NOTE: All of the music on this program comes from the recording West Meets East with the Schola Antiqua of Chicago. The CD is on the Discantus label and is CD 1002.
For more information:

www.chicagochant.org

Notes from the recording are below the music list.
 

1.Kyrie eleison       Three-voice polyphony   
2. Gloria in excelsis deo      Four-voice polyphony 
 
3. Alleluia. V. Ave sancte Ylarion    Plainchant 

4. Sequence for St. Hilarion: Exultantes collaudemus   Plainchant 
5. Credo in unum deum     Four-voice polyphony 
6. Sanctus        Three-voice polyphony 
7. Agnus dei      Plainchant 

8. Hymn for St. Anne: Lucis huius festa   Plainchant 
9. Motet: Magni patris magna mira/Ovent Cyprus  Four-voice polyphony 
10. Motet: Victima laudum pascalis/Victimis in pascalibus  Four-voice polyphony 

11. Motet: Qui patris atris honoris/Paraclite spiritus  Four-voice polyphony 
12. Rondeau: Rose, liz, printemps, verdure   Guillaume de Machaut (d. 1377) 

 

All but one piece of music on this album can be found in the early fifteenth-century Torino Codex (Torino, Biblioteca Nazionale MS J.II.9), an anonymous source of music that remains one of the few windows into Western music of that period. Although it is the largest musical source in the French tradition between the Ars nova manuscripts of the fourteenth century and the Franco-Burgundian manuscripts of the late fifteenth century, the music of the Torino Codex has attracted comparatively little attention from performing ensembles and scholars, no doubt stemming from the fact that almost all of the pieces are both anonymous and significantly lacking in concordances with other known sources. 

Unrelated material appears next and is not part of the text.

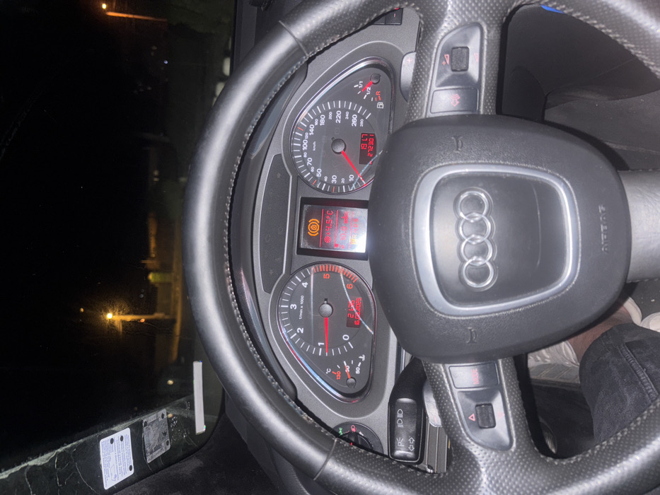 The image depicts the interior of an Audi vehicle at night, specifically from the driver's perspective looking forward through the windshield

The music of the Torino Codex originated on the island of Cyprus in the mid-1410s within the court of King Janus I of the ruling Lusignan family from western France. But the manuscript ended up at the court of Savoy, possibly connected with Anne of Cyprus in her marriage to Louis of Savoy in 1433. Spanning some 159 folios and ranging from sacred plainchant and polyphony to secular song, the music was probably not written for public consumption nor a one-time hearing, but rather for repeated enjoyment by an intimate circle of singers and a small court audience. The source comprises five sections (fascicles) organized by genre—the first devoted solely to chant and the remaining four fascicles dedicated to sacred and secular polyphony. The music on this recording derives from the first three principal parts of the manuscript: chant (fascicle 1), Mass Ordinary movements (fascicle 2), and motets (fascicle 3). This is the first recording to be devoted solely to the sacred music of this important source.